Logical next steps at the genome level might include building a multiple sequence alignment from many cornavirus genomes (checkout the Biopython wrapers/parsers for Clustal and Mafft and Bio.Align/Bio.parirwise2 plus Bio.AlignIO), building a phylogeny with an external tool like iq-tree and then viewing the tree with Bio.Phylo, the ete3 toolkit, or Jalview.
Other protein level analyses could involve including building protein trees, annotating the proteins and vizulisation (e.g. Bio.Graphics), doing evolutionary rate analyses (e.g. Bio.Phylo.PAML), looking at protein structure, clustering and much more.

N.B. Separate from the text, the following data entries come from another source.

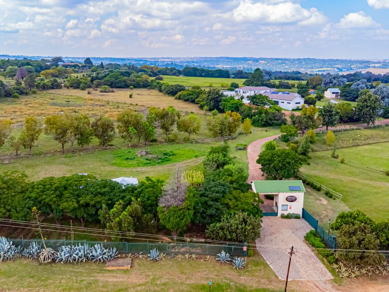Escape to elevated country living with panoramic views in Blue Hills, Midrand — 4.5ha development site with pool, income-producing staff dwellings and strong highway access.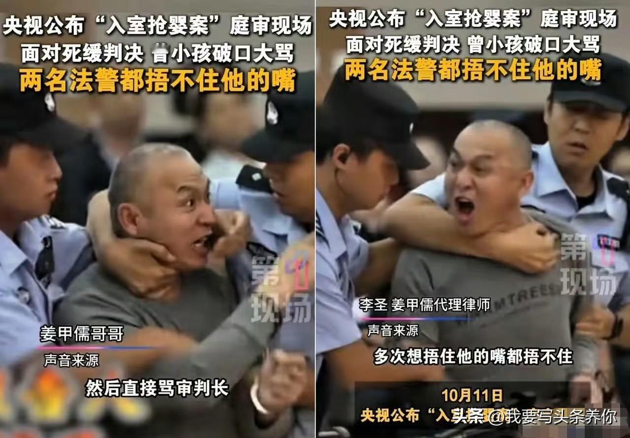 央视公布“入室抢婴案”庭审现场面对死缓判决,曾某孩破口大骂。两名法警多次想捂住他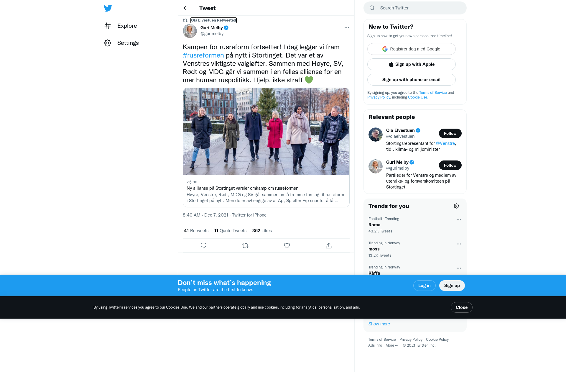 RT @gurimelby: Kampen for rusreform fortsetter! I dag legger vi fram #rusreformen på nytt i Stortinget. Det var et av Venstres viktigste valgløfter. Sammen med Høyre, SV, Rødt og MDG går vi sammen i en felles allianse for en mer human ruspolitikk. Hjelp, ikke straff 💚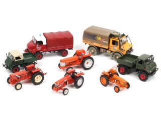 miniatures reproduisant notamment les modèles : RENAULT, MERCEDES & UNIC - on y retrouve notamment les marques : NOREV & UNIVERSAL HOBBIES - quelques petits éléments cassés & d'autres manquants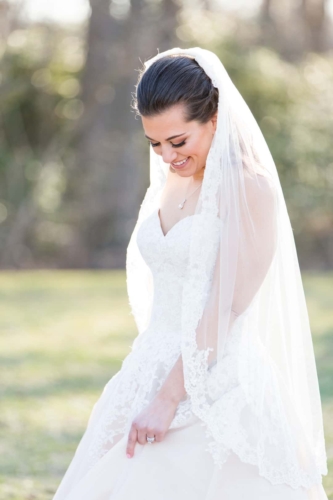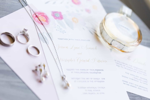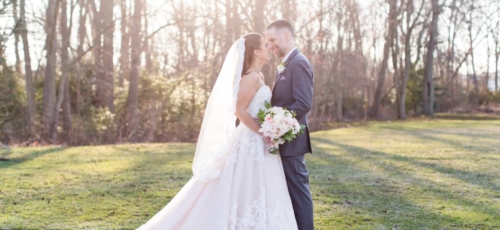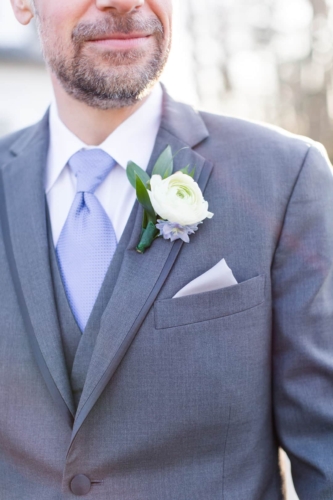 Q: Tell us about your wedding “We tried to incorporate little spring elements as our wedding was early spring. We had wildflower seed paper in the shapes of birds as our favors, and we had little rabbits holding Easter eggs at our head table since the following day was Easter. We also both have a science background – I teach chemistry and Chris works in environmental consulting – and so our table numbers were elements from the periodic table. Cornflower blue was main color in our color palette.” Q: Let’s talk wedding decor “My favorite DIY decor item was the seating chart. I used a picture frame and clothespins to hang guest names and table numbers, and left a sign with an Instapix camera instructing guests to take their name and replace it with a selfie. We got some really cute pictures from that!” Q: What were the florals like in your wedding? “My friend, Rachael Kenney, did the flowers for us. She did an amazing job and featured a lot of ranunculus in the bouquets. She also incorporated some blue hydrangea into the vases and Chris’s boutonniere in memory of Chris’s mom – it was her favorite flower. Rachael also added some flowers to our wedding cake. I had just given her a couple pictures of things I liked and let her do her own thing. I love how they all turned out!” Q: Did you personalize the day in any way? “We had a craft beer station at the ceremony with beer from our favorite local brewery, Jughandle! My favorite part was the band – Brian Kirk and the Jirks. I chose the wedding date around when they were available…they were amazing!” Q: Let’s talk fashion “My aunt owns Antoinette Rose Bridal, so I went to her store to try on a variety of dresses. I originally thought that I wanted a fit and flare dress, but they had me try the Morilee 2674 ballgown and I couldn’t imagine wearing anything else. I wish I could wear it every day! Chris knew that he wanted to wear a gray tux, and we coordinated the vests and ties to match the bridesmaids in cornflower blue. The bridesmaids chose their own styles; all of them were Bill Levkoff chiffon in cornflower blue.” Q: How did you meet? “We met at work, doing environmental consulting. Chris proposed on a snowy day in January at our new home (we weren’t living in the house yet). We had dinner plans and he insisted on stopping by the house first to show me some paint samples for the master bedroom that he had picked out. We went to see the room and he had painted reasons why he loves me on the wall. He then told me it wasn’t a proposal, just a nice thing he wanted to do to show me how much he loved me. He told me to go look out the window, and down on the deck in the snow it said, ‘Marry me?’. I turned around to find him down on one knee with a ring!” Q: What was the most anticipated or special moment of your wedding day? “It was so special having so many of our family members and close friends all together to celebrate with us. I also loved dancing with my dad – he had kept our song a secret and surprised me halfway through the dance by having the band break in to “Drive My Car” by The Beatles, which is a song that reminds me of my childhood with him. The food and the band were amazing. Everything went off without a hitch and I can’t imagine a more perfect day!” Q: Do you have any wedding planning or marriage advice that you’d like to share with other couples planning their day? “Enjoy it! Don’t stress about the little things, it’s not worth it. The day flies by. Also, I’m really glad we decided to hire a videographer (Color Room Films). It’s wonderful having a video to watch to relive the magic.”Gallery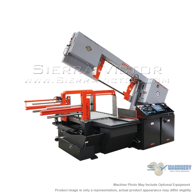 HE&M HURRICANE 2030A-CTS Horizontal Miter Bandsaw has a 30 inch round cutting capacity.The Hurricane 2030A-CTS band saw allows programmable miter cuts up to 60ᵒ in one direction. A touch screen control is mounted in a swing-away console for settings, operational functions, and diagnostics. The control allows manual, semi-automatic or automatic cutting. A chip auger and Cut Watcher are included.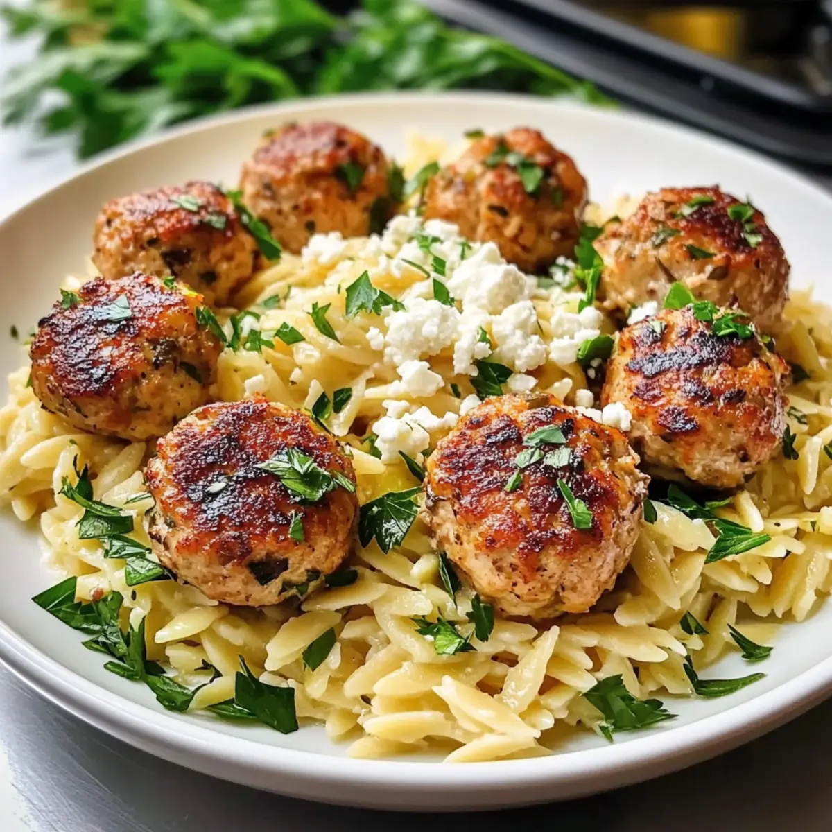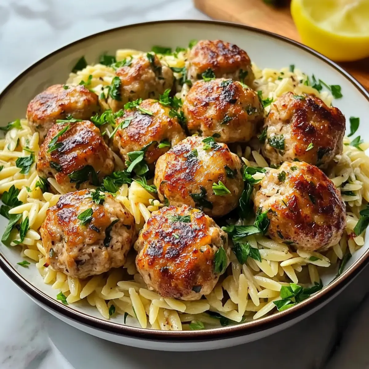 Griechische Hühnchenfleischbällchen mit Zitronen-Orzo Rezept
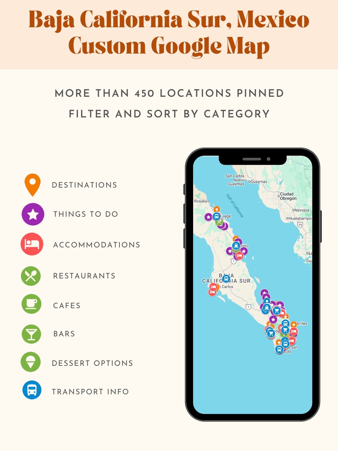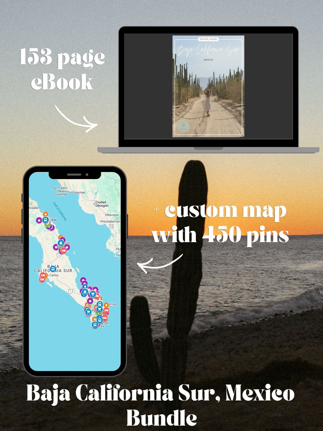 Plan the perfect adventure to Baja California Sur with our bundle, including our 153-page travel guide eBook plus our custom map with over 450 pins.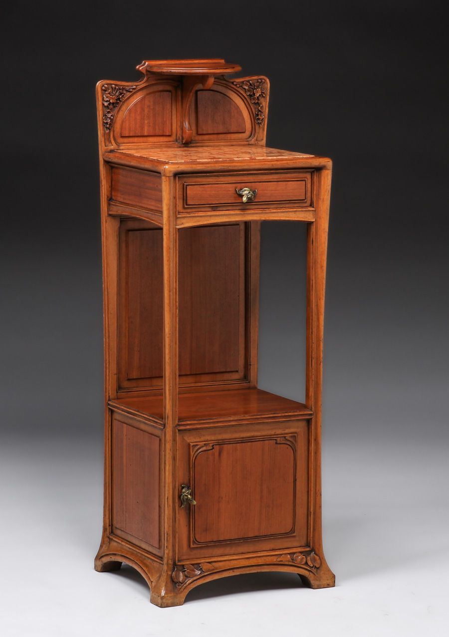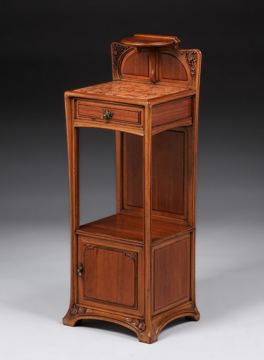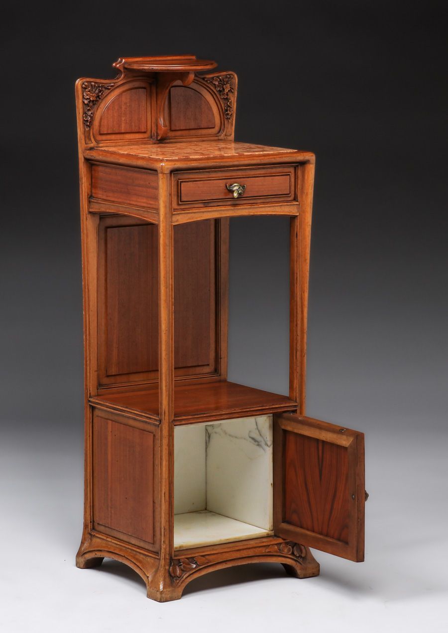 Louis Majorelle French Art Nouveau Marbletop Beside Table c1900. Signed. Excellent original finish. 41"h x 15"w x 12.25"d SOLD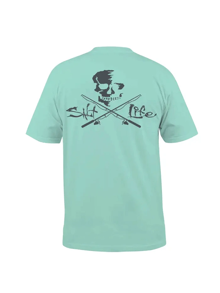 Salt Life SLM10266 Mens Skull and Poles Short Sleeve Pocket Tee Aruba Blue – The Skull and Poles short sleeve pocket tee features a screenprinted logo on the left chest and back. Our Salt Life ringspun cotton tees provide an ultra soft feel and comfortable fit.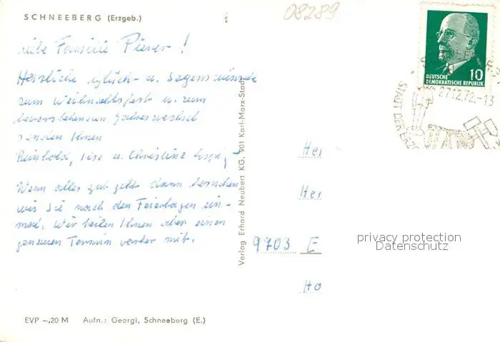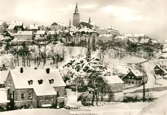 Schneeberg_Erzgebirge Ansicht mit Kirche Winterimpressionen Schneeberg Erzgebirge postalisch gelaufen 1972 Erhaltung siehe scans [FriedD77] Frierer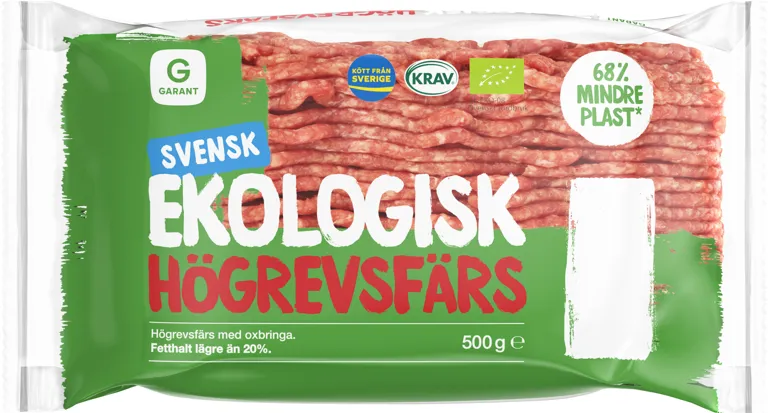Högrevsfärs med oxbringa KRAV-märkt fetthalt 20%, 500g,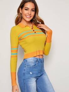 Pullover mit Streifen, Knöpfen und halber Knopfleiste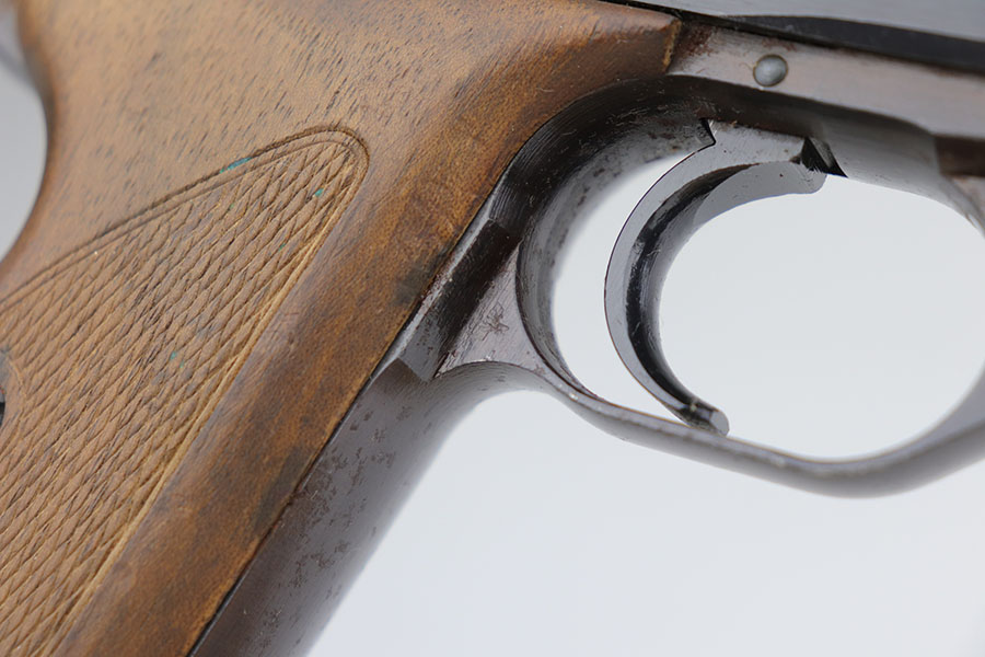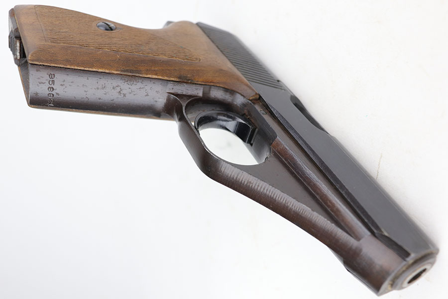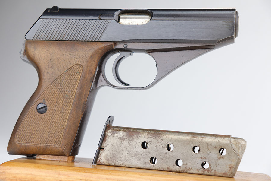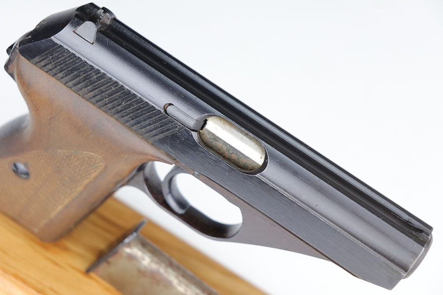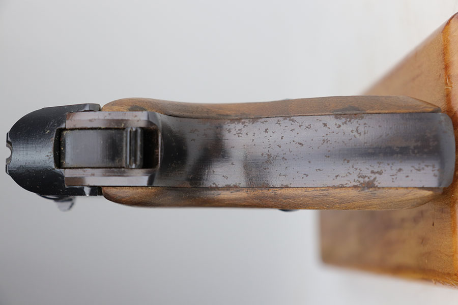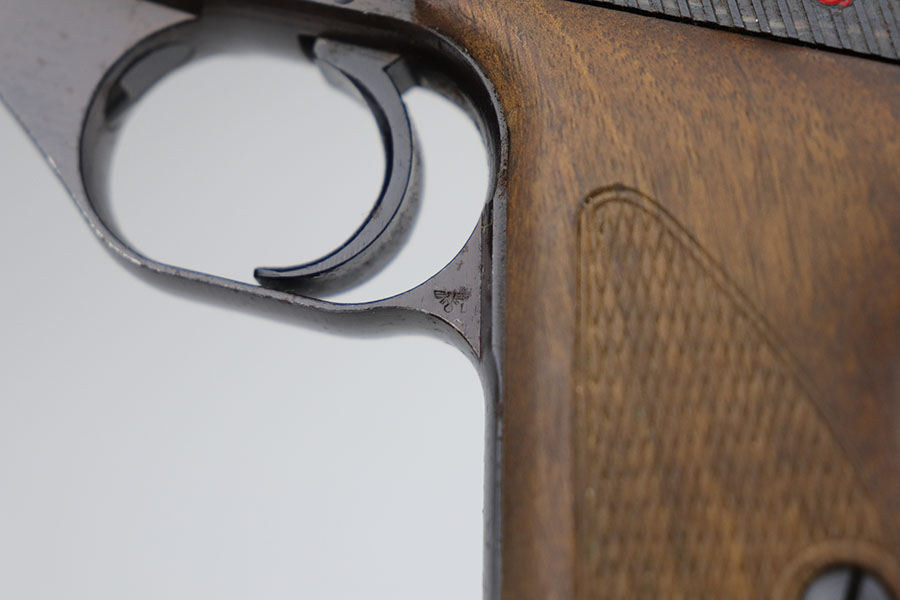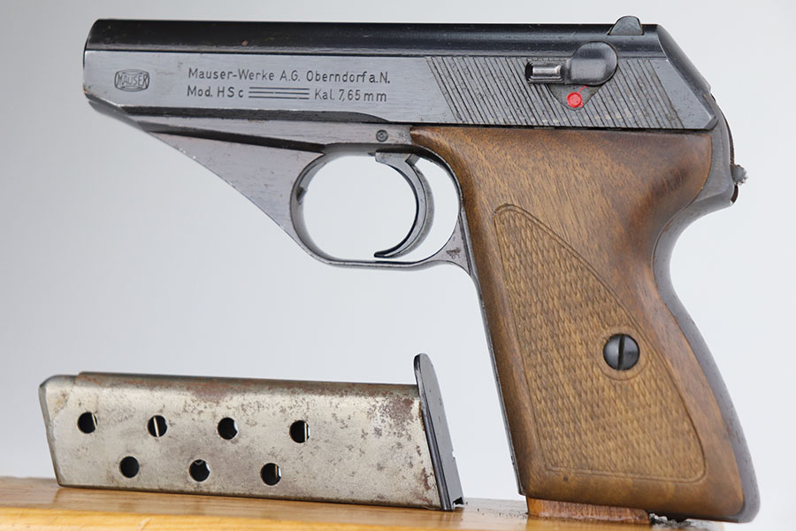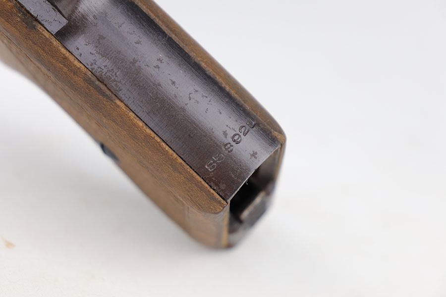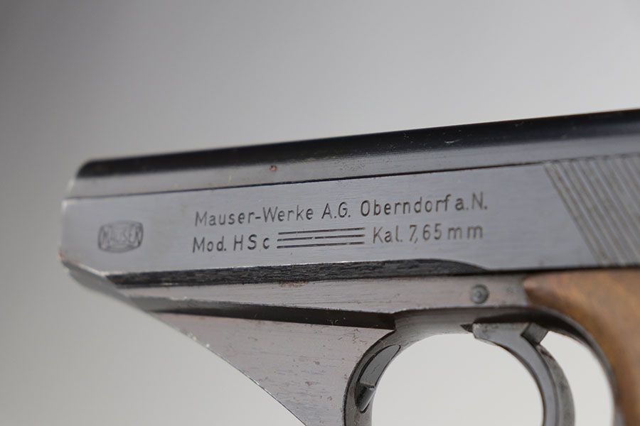 1/19/21 – This is a police Mauser HSc from 1943 with minty, original bluing. There’s 99+% of the military blue remaining, and the pistol has a mint bore. So while it appears very lightly used, it does have oxidation in a few areas so was likely stored in a humid place at some point in its life. Trigger guard is marked with the Police Eagle/L proof. Excellent grips with no chips or cracks. Note that the magazine in the photos had a mechanical issue so we replaced it with an original magazine that was in better condition.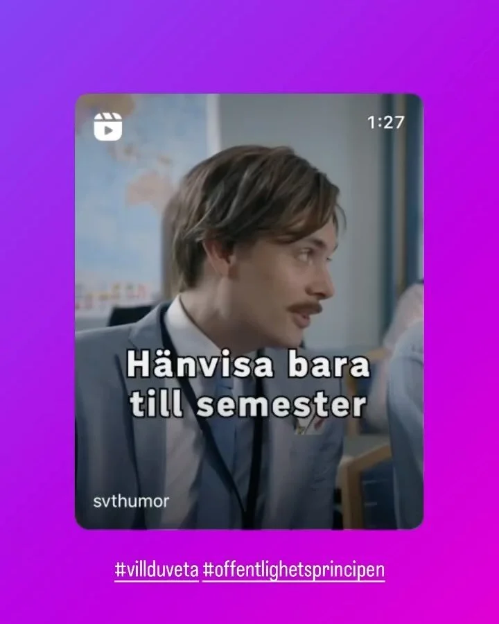 Det långa ordet, ja just precis – offentlighetsprincipen, är en grundsten för hela den svenska demokratin. Den är unik! Hur då? Jo det är just offentlighetsprincipen som ger dig kunskap och information om din vardag, dina skattepengar, ditt närområde och landet som du bor i. Det är endast tack vare offentlighetsprincipen som du kan få insyn i och kunskap om arbetet som sker hos Sveriges 342 statliga myndigheter. Just kunskap och information är en förutsättning för att inte bara ta beslut – utan bra beslut. Att värna denna princip är därför att värna om demokratin och dina rättigheter som medborgare. #villduveta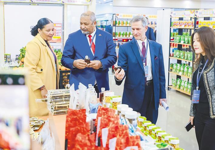11月12日,外宾在参观商品展销会。当天,武汉(汉口北)商品交易会在武汉黄陂隆重开幕。来自30个国家的外交使节、商会协会负责人和东盟国家企业代表出席大会。 (湖北日报全媒记者 柯皓 摄)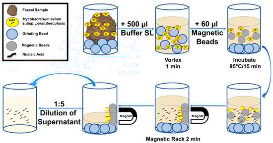 The Mycobacterium avium subspecies paratuberculosis (MAP) as the causing agent for Johne’s Disease (Paratuberculosis) in ruminants is a Gram-positive, aerobic, non-motile, non-spore-forming and acid fast bacterium [1]. Clinical signs of John’s disease, such as weight loss, reduction in milk production and progressing diarrhoea, have an enormous negative impact on the dairy industry [2]. Transmission occurs mainly through the faecal–oral route [3]. The identification of subclinical shedders is highly necessary to prevent silent spreading of the pathogen within the herd. Faecal culture is the gold standard for the diagnosis of MAP [4], however it requires at least 12–16 weeks before the sample can be considered as negative. Alternatively, highly sensitive and specific molecular assays such as Polymerase Chain Reaction (PCR) [5] or the recently published Recombinase Polymerase Amplification assay for the detection of MAP (MAP RPA) [6] are available. However, the clinical performance of these assays depends strongly on the quality of the extracted DNA [7]. Isolation of MAP DNA from faecal samples is especially challenging due to the presence of other complex compounds in the bovine faeces, which can inhibit the amplification process. Moreover, the cell walls of MAP, containing high numbers of lipophilic molecules and polysaccharides, are not easy to destroy [8,9,10]. In standard laboratory protocols, physical disruption is applied after adding chaotropic salts and proteinases to the sample. A lab tube containing silica gel membrane columns is used to obtain a highly purified DNA after employing several washing and centrifugation steps [7,11,12]. These procedures are often time consuming, complex and must be conducted at a well-equipped laboratory. In order to provide a diagnostic tool for paratuberculosis at point of need, here we described a rapid extraction protocol (MAP DNA SpeedXtract) based on magnetic bead. The destruction of the MAP cell wall in the SpeedXtract depends on the combination of physical disruption and heat in the presence of a lysis buffer. The magnetic beads capture the cell debris and most contaminants and then leave the nucleic acid free in the supernatant [13,14,15]. Therefore, the SpeedXtract was named a reverse purification method.

These kind of analyses can provide useful biological and epidemiological information, very important for this coronavirus in an outbreak situation. For example, allowing tracking of how the outbreak spreads and indicating appropriate infection control measures, although caution in the inturpretation of results is always required. See Nextstrain for an excellent resource of this kind.
Note, there is tons of other functionality in Biopython, this is just a very small fraction of the modules, see Peter Cock's Biopython workshop and the extensive official tutorial documentation.